• Recorded information:
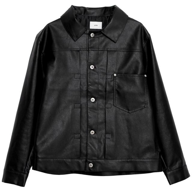 ベジタブル加工を施したPUレザー素材を使用した、ショート丈のブルゾン。
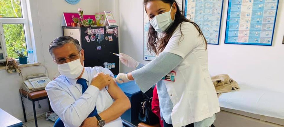 Eşi Fikriye Topaloğlu ile aile hekimliğinde aşısını olan Başkan Topaloğlu, aile hekimliğindeki sağlık personeli ile de kısa bir süre sohbet ederek, kendilerine teşekkür etti.
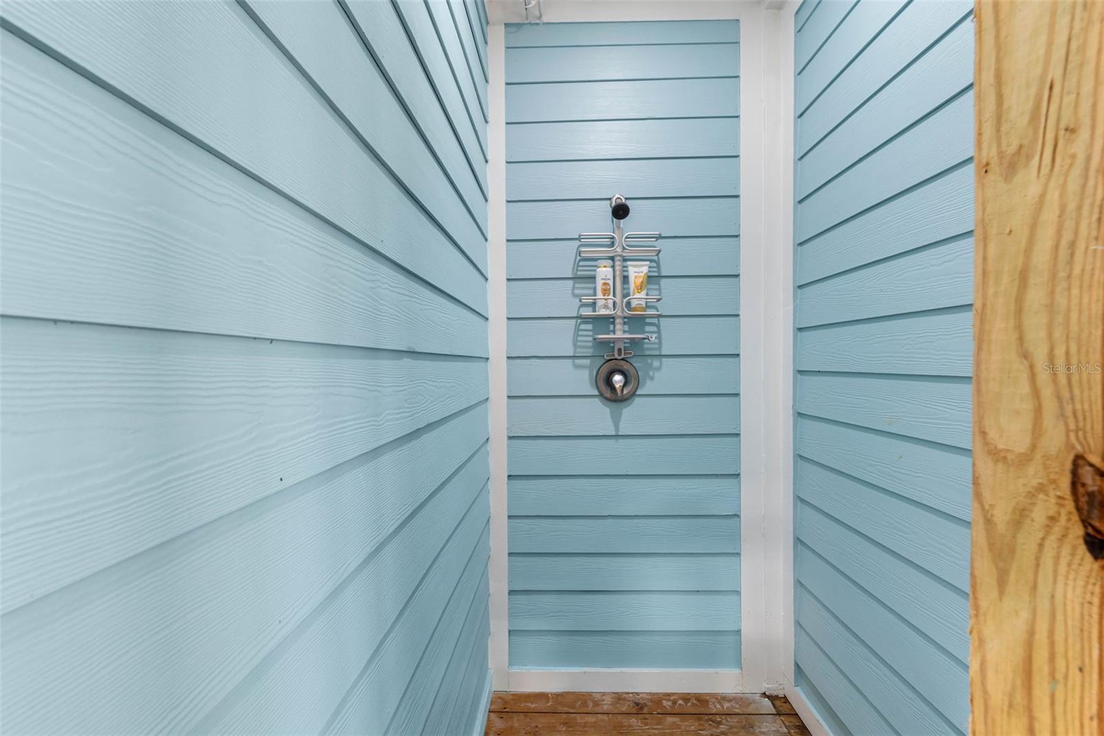 Exterior: Lighting, Outdoor Shower, Rain Gutters, Sliding Doors, Storage
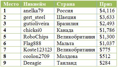 Чемпионом события стал игрок из России под ником «anellka79». В результате дележки ему досталось $4.115, а раннер-апу из Швеции под ником «gert_steel» — $3.633. Интересно, что на 888poker «anellka79» играет с 2011 года, но только за последние полтора года ему удалось резко вывести график в плюс. И теперь кривая профита стремится к отметке в $10.000.
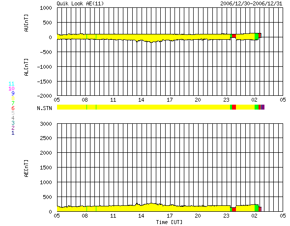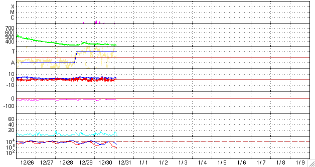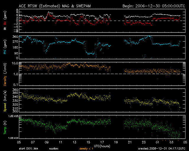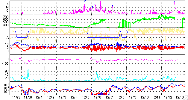 SOHO衛星のMDIカメラによる太陽黒点 (c) SOHO (ESA & NASA) ![]() GOES衛星の太陽X線データ (c) NOAA/SEC ![]() ACEが観測した太陽風の磁場(1番上の枠、白線は全体の強度、赤線は南北成分) および、太陽風の密度(3番目の橙線)、速度(4番目の黄線) (c) NOAA/SEC ![]() リアルタイムAE指数 下段のAEグラフの値が高くなると、オーロラ活動が活発化しています。 (c) 京都大学, NICT ![]() シベリアで観測された3日間の磁場データ 右側の3分の1が、昨日のデータになります。グラフが上がったり下がったりすると、オーロラ活動が活発化しています。 (c) NICT ![]() 27日の太陽周期に合わせたデータプロット 太陽が同じ面を地球に向けていた27日前の変化から、今後を予想することができます。 (c) NICT
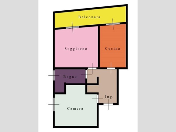 L'appartamento, di 60 mq, è composto da due locali luminosi e accoglienti, ideali per ospitare una coppia o una piccola famiglia. Posto al piano nobile, luminoso si compone di ingresso, soggiorno, camera, cucina, bagno e terrazzino.
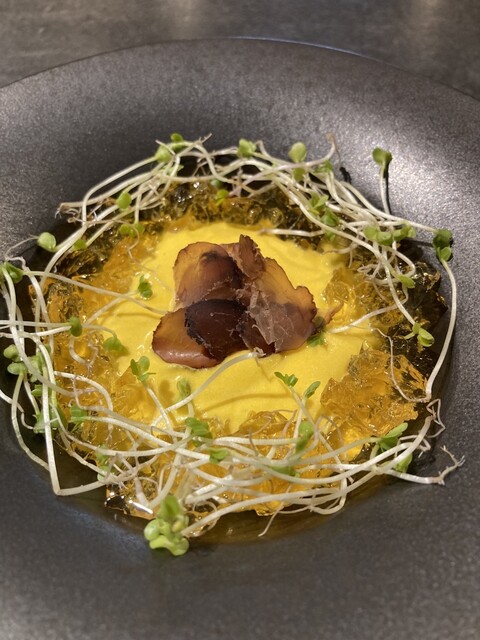 にんじんは にんじんのペーストに焼きとうもろこし 孔雀のコンソメジュレ
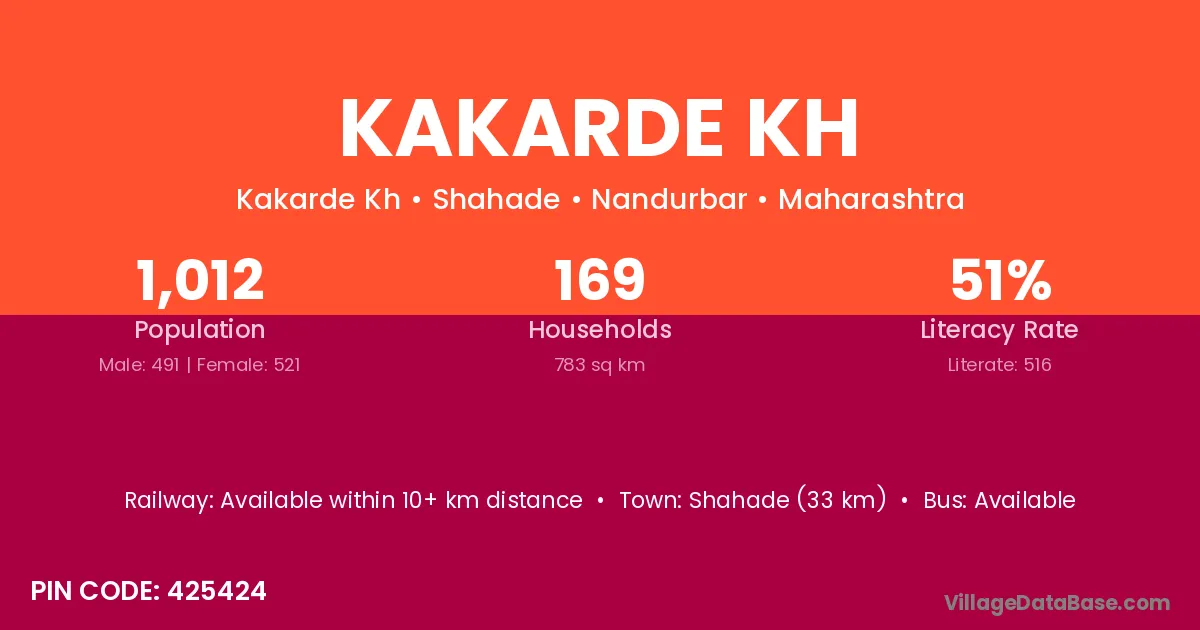 Kakarde Kh village has a total population of 1,012 people, of which 491 are males and 521 are females.
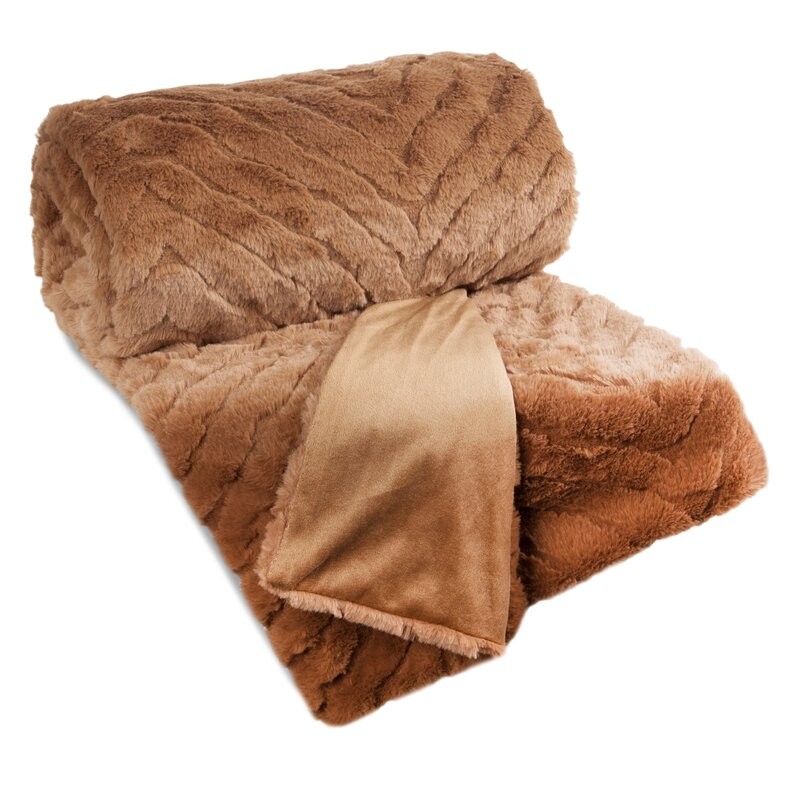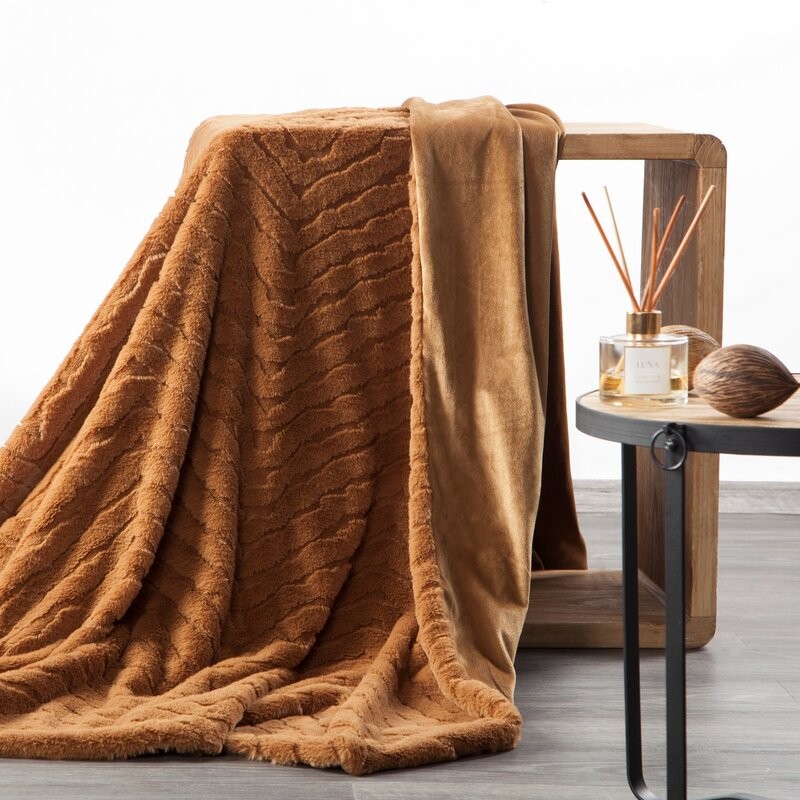 Miękki, futrzany koc z efektem 3d szerokość: 150 cm, długość: 200 cm, kolor: ciemnobeżowy, Gramatura: 360+180 GSM, Skład: 100% poliester
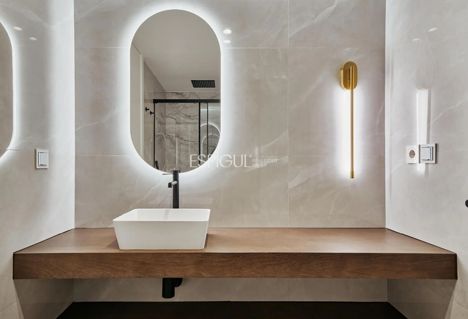 La distribución contempla tres dormitorios, dos baños completos y un vestidor, además de cocina equipada. La vivienda se entrega completamente amueblada y equipada, con calefacción central, aire acondicionado tipo split y sistema de domótica, garantizando confort durante todo el año.
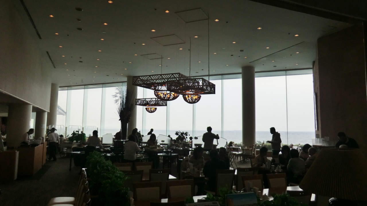 「浜木綿」は、京急観音崎ホテルのレストランです。京急馬堀海岸駅から観音崎行きのバスに乗って、15分ほど。観音崎京急ホテル前で下車です。レストランの大きな窓からは、東京湾がよく見えます。「海軍カレー」を注文、口当たりはフルーティですがなりスパイシーです。パイナップルや牛肉も大きく食べ応えがありました。牛乳がついています。

• Task item: Set the pictures aside and retype exactly the lines above from the line with "Exterior: Lighting, Outdoor" to the line with "SOHO衛星のMDIカメラによる太陽黒点 (c) SOHO", both included, adding no others.

• Written reply:
 Exterior: Lighting, Outdoor Shower, Rain Gutters, Sliding Doors, Storage
 Чемпионом события стал игрок из России под ником «anellka79». В результате дележки ему досталось $4.115, а раннер-апу из Швеции под ником «gert_steel» — $3.633. Интересно, что на 888poker «anellka79» играет с 2011 года, но только за последние полтора года ему удалось резко вывести график в плюс. И теперь кривая профита стремится к отметке в $10.000.
 SOHO衛星のMDIカメラによる太陽黒点 (c) SOHO (ESA & NASA) ![]() GOES衛星の太陽X線データ (c) NOAA/SEC ![]() ACEが観測した太陽風の磁場(1番上の枠、白線は全体の強度、赤線は南北成分) および、太陽風の密度(3番目の橙線)、速度(4番目の黄線) (c) NOAA/SEC ![]() リアルタイムAE指数 下段のAEグラフの値が高くなると、オーロラ活動が活発化しています。 (c) 京都大学, NICT ![]() シベリアで観測された3日間の磁場データ 右側の3分の1が、昨日のデータになります。グラフが上がったり下がったりすると、オーロラ活動が活発化しています。 (c) NICT ![]() 27日の太陽周期に合わせたデータプロット 太陽が同じ面を地球に向けていた27日前の変化から、今後を予想することができます。 (c) NICT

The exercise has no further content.